Storing memories or embeddings inside .sf/sf.db.
Auto-staging untracked files that sf merely observed.

System Flow

repo files + git + docs + CI + package manifests + prior runs
        |
        v
Repo Profiler
        |
        v
Risk Classifier
        |
        v
Harness Planner <---- Singularity Memory recall
        |
        v
Template Kit Registry
        |
        v
Harness Writer ---- tracked files: SPEC, ARCHITECTURE, harness/, gates/, CI snippets
        |
        v
Evidence Runner ---- .sf/sf.db: runs, cases, results, observations, drift
        |
        v
Memory Retainer ---- Singularity Memory: patterns, anti-patterns, repo risk notes
        |
        v
Evolution Engine ---- schedules harness update proposals

Auto-flow Integration

Repo-native harnessing should enter the sf flow in stages. The early stages are read-only or evidence-only; prompt behavior changes come after fixtures exist.

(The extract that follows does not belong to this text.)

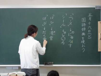 「シール」の「−」や、「清音」・「濁音」・「半濁音」の時の調べ方について、ていねいに伝えています。

Flow point	Add now or later	Behavior
Session start / `sf init`	First implementation slice	Create a read-only `RepoProfile` snapshot from source, docs, CI, manifests, git status, and prior run history.
Plan phase	Later, after profiler tests	Surface missing harness coverage as a planning input, not as an automatic file write.
Execute phase	Later	Allow a task to adopt a proposed harness file only when the task plan claims it.
Verify phase	First implementation slice after manifest	Run harness commands and eval suites declared in `harness/manifest.json`.
PostUnit hook	First implementation slice	Store evidence summaries in `.sf/sf.db`; retain durable learnings and anti-patterns into Singularity Memory.
Reassess phase	Later	Use failed gates and repeated drift to propose harness updates.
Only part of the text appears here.